A mí, personalmente, me preocupa la deshumanización de las ciudades. No soy una persona que se caracterice por la nostalgia, ni que piense «cualquier tiempo pasado fue mejor» prácticamente en ningún aspecto (bueno, cuestiono que lo digital nos haga la vida más fácil, pero ese es otro tema), sin embargo, no puedo tolerar cuando los lugares en los que la gente vive, que hacen comunidad, que facilitan la habitabilidad de los barrios, se ven obligados a echar el cierre porque no pueden pagar un alquiler abusivo, porque la zona se ha convertido en un parque temático de paso y no les vale la pena, o porque una empresa ha comprado el edificio y ha echado a todos los vecinos, incluidos a los que alquilaban el local comercial, para hacer pisos turísticos. Esto último es lo que le ha pasado a la librería 80 mundos de Alicante, y lo más frustrante es que no se puede hacer nada por ella salvo enfadarse. Enfadarse mucho.
Cuarenta y un años de librería. No sé si existe escritor en España que no tenga una anécdota en ese lugar, una presentación, algo que recuerde con cariño. Vale, es una hipérbole, los habrá, pero pensemos que no. Yo abrí un círculo allí, en una presentación preciosa de Dicen que estás muerta, y lo cerré con La biblioteca de fuego, cuando la poeta Carmen Juan Romero, que me presentó el libro en 2010, ya era una de las dueñas de 80 mundos que hoy están siendo desahuciadas por el neoliberalismo y por la avaricia.
La avaricia, señores, llamémosla por su nombre, es lo que hace que se cierre una librería que hace aportación cultural y barrio para que pasen por allí turistas un rato o rato y medio. La avaricia es la que se ha olvidado de que las ciudades están para vivirlas y no para mirarlas.
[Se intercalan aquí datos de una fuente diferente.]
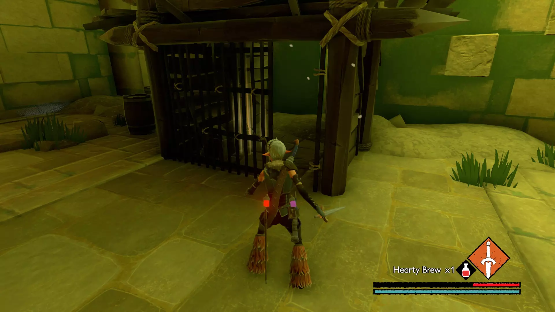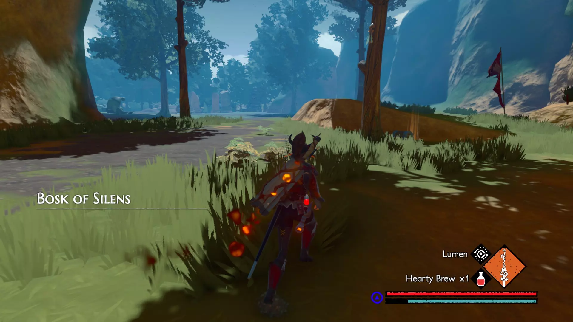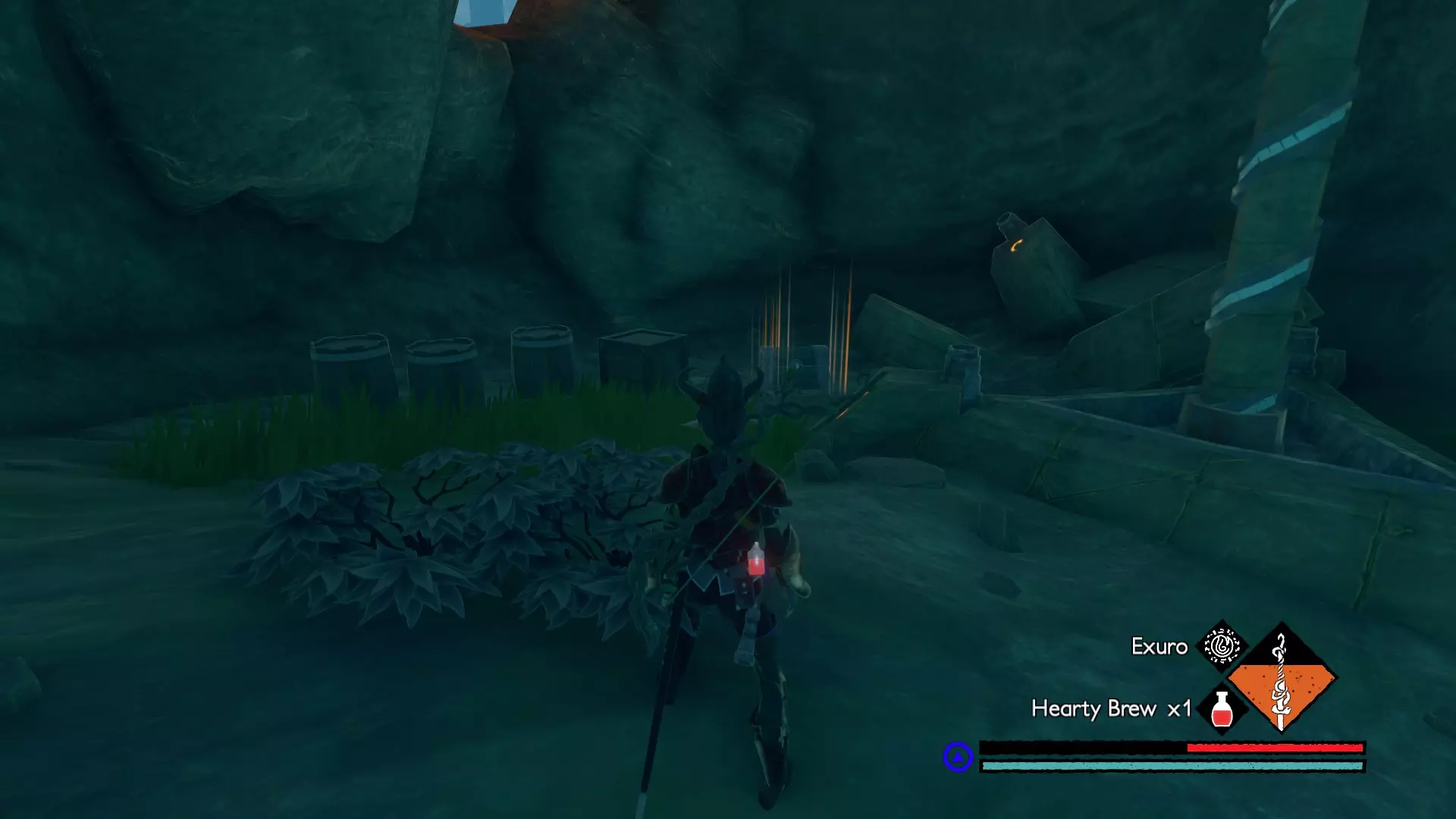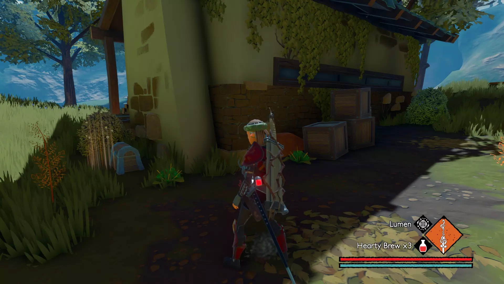 宝箱#3:位于关卡接近末尾处。在休息圣坛休息后,会遇到一个需要你的麋鹿打开的大门。穿过大门前,你的左侧有一间伐木小屋。进入小屋后向左走,打破木板会露出一条隧道,沿隧道前进即可找到该宝箱。

O también para mirarlas, pero menos. El cierre de una librería siempre es un drama, pero si además es un cierre porque a ningún inversor le importa si las personas que allí viven necesitan vivir los sitios que son para vivir, es una tragedia. Es el tipo de tragedia anuncio, el que adelanta otros cierres semejantes del bar de la esquina, de la papelería de un poco más arriba, de la panadería, del colmado, el anuncio de que ese restaurante familiar que tanto te gustaba se va a convertir en una cafetería de cadena donde te hacen sentir especial apuntando tu nombre en un vaso. En serio, es que nos toman por gilipollas y nos lo creemos, que es lo peor.
Todo esto no es nostalgia. No creo en la nostalgia. Creo en la vida, y en que el mundo sería mejor si nos diésemos cuenta de que lo bueno para la comunidad es bueno para todos. Y que si no es bueno para la comunidad, es que hay alguien enriqueciéndose a costa de hacer que el resto viva peor.
La muerte de una librería es la muerte de la vida, porque un lugar que se ocupa de hacer actos culturales crea comunidad. Recordad que a los que nos quieren mansos les conviene que seamos individualistas y, para ello, una de las estrategias más efectivas es que dejemos de vivir los sitios que son para vivir.